Вечная Любовь
А в ответ: "Еще спрашивает, интеллигент!", и еще чьи-то голоса и голоса, вроде бы разные, но столь похожие друг на друга своими скрежещущими интонациями, словно это говорили многие головы одного и того же огромного туловища...
Их было много. Очень много. Их перекошенные лица напоминали головы дракона, и было ясно: сколько ни отрубай у дракона эти головы, они будут вырастать снова и снова, и взамен одной отрубленной вырастут две, а взамен двух отрубленных вырастут три, а взамен трех отрубленных вырастут пять, и это будет длиться без конца. Бесконечные головы красного дракона с повязанными на шеях красными лоскутами, знаками принадлежности, словно клейма с именем хозяина на лицах римских рабов...
Как будто по невидимому знаку в мгновение ока они исчезли.
Надо было встать помятым, с разорванной рубашкой, испачканной кровью, тоже красной, и делать все выводы из происшедшего.
- Почему они так тебя, Андрей? Что ты им сделал? И как быть дальше? всплыл откуда-то чей-то очень знакомый растерянный голос. И лицо медленно проявлялось сквозь картины каких-то коридоров, квартир, дворов... Бабушка...

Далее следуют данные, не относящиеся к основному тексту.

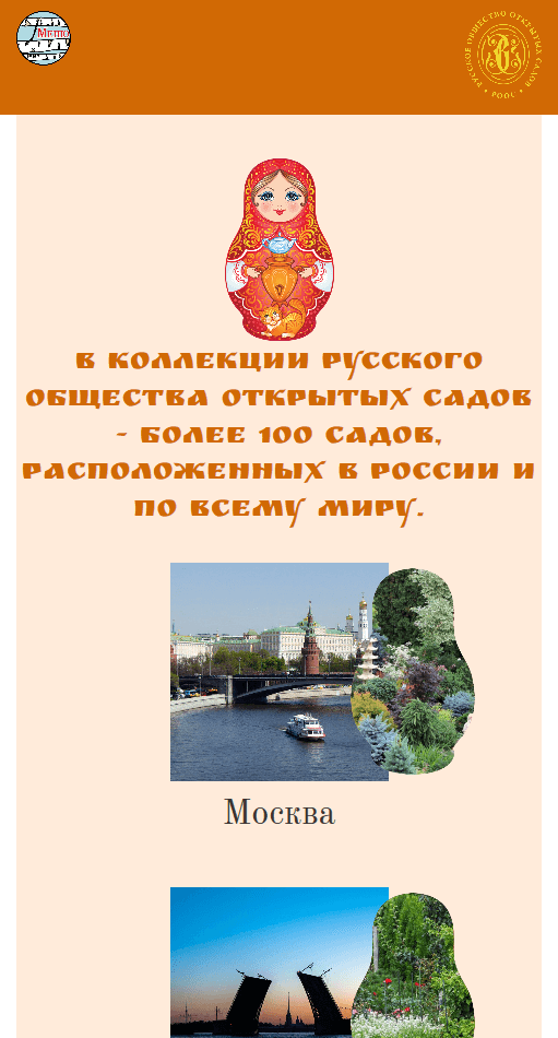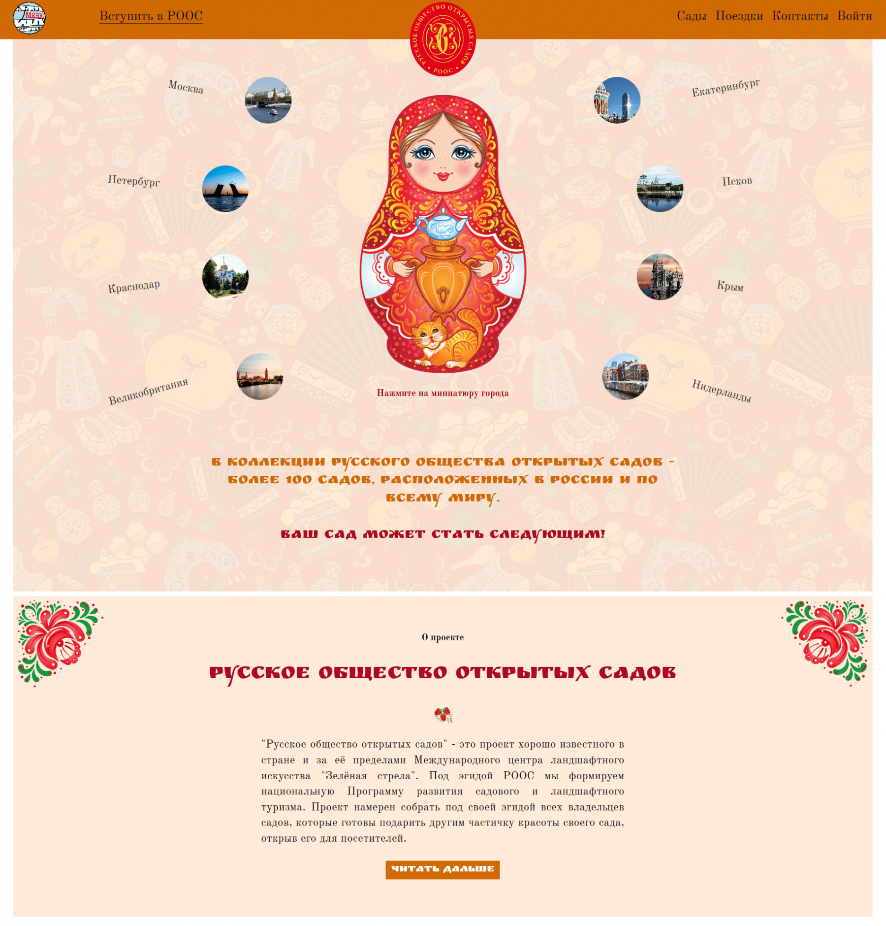 А потому в качестве объединяющего мотива были выбраны традиционно русские образы. В главной роли оказалась, конечно же, столь известная во всём мире красавица-матрёшка, а во всём дизайне сайта использованы элементы русских народных орнаментов. Заняв почётное место на главной странице сайта, Матрёшка при нажатии на название города символично превращается в один из расположенных там садов - членов Русского Общества Открытых Садов.
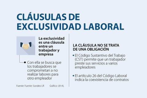 Sobre el consenso entre trabajadores y empleadores acerca de las cláusulas, Karla Escobar, directora del departamento de Derecho Laboral de Cáez Muñoz Mejía Abogados, afirmó que “debe acordarse expresamente en los contratos de trabajo, es decir, debe convenirse la exclusividad del servicio por parte del trabajador”.
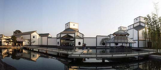 博物館外觀以灰白兩色為基本色調,正是「粉牆黛瓦」的蘇州民居常用的傳統顏色, 主體建築高度控制在
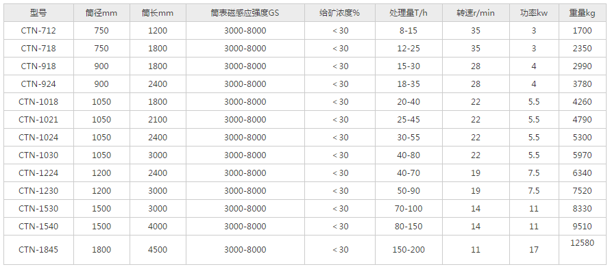 CTN型全逆流濕式磁選機其核心技術采用計算機模擬設計磁路,使磁選區的磁場分布更均勻,無空磁區,磁系大包角設計,滾筒表面磁場強度高可達8000gs。槽體和滾筒表面做特殊耐磨處理,耐磨有多種方式可選,使整機壽命大大延長。

- "Что пользы, если Моцарт будет жив... Чтоб возбудив бескрылое желанье в нас, чадах праха, после улететь... "Зачем только ты меня учила этому, Бабушка... Я знаю, что делать. Я знаю... Я построю такую Супер-Стену, за которую не проникнуть никаким "чадам праха"...
Была музыка. Очень долгая музыка. И медленно строилась Стена.
- Я построю неземную обитель, летающий город-остров!
Плыли в пространстве аккорды старого баховского органа, и они словно отвердевали в воздухе, складываясь в Стену...
- Это будет Стена аристократов духа, братьев друг другу!
Уплывали строчки стихов и формул и тоже складывались в слои Стены...
- Это будет бессмертный храм Красоты, Истины, Благородства!
Появлялись портреты многих и многих, обладавших искусством строительства невидимых Стен, способных превращаться в лестницы:
Вивальди... Кант... Тургенев... Бах... Бунин... Моцарт... Лермонтов... Смоктуновский... Бодлер... Достоевский... Блок... Данте... Тютчев... Ньютон... Микеланджело... Платон... Аристотель... Шредингер... Нильс Бор... Лейбниц...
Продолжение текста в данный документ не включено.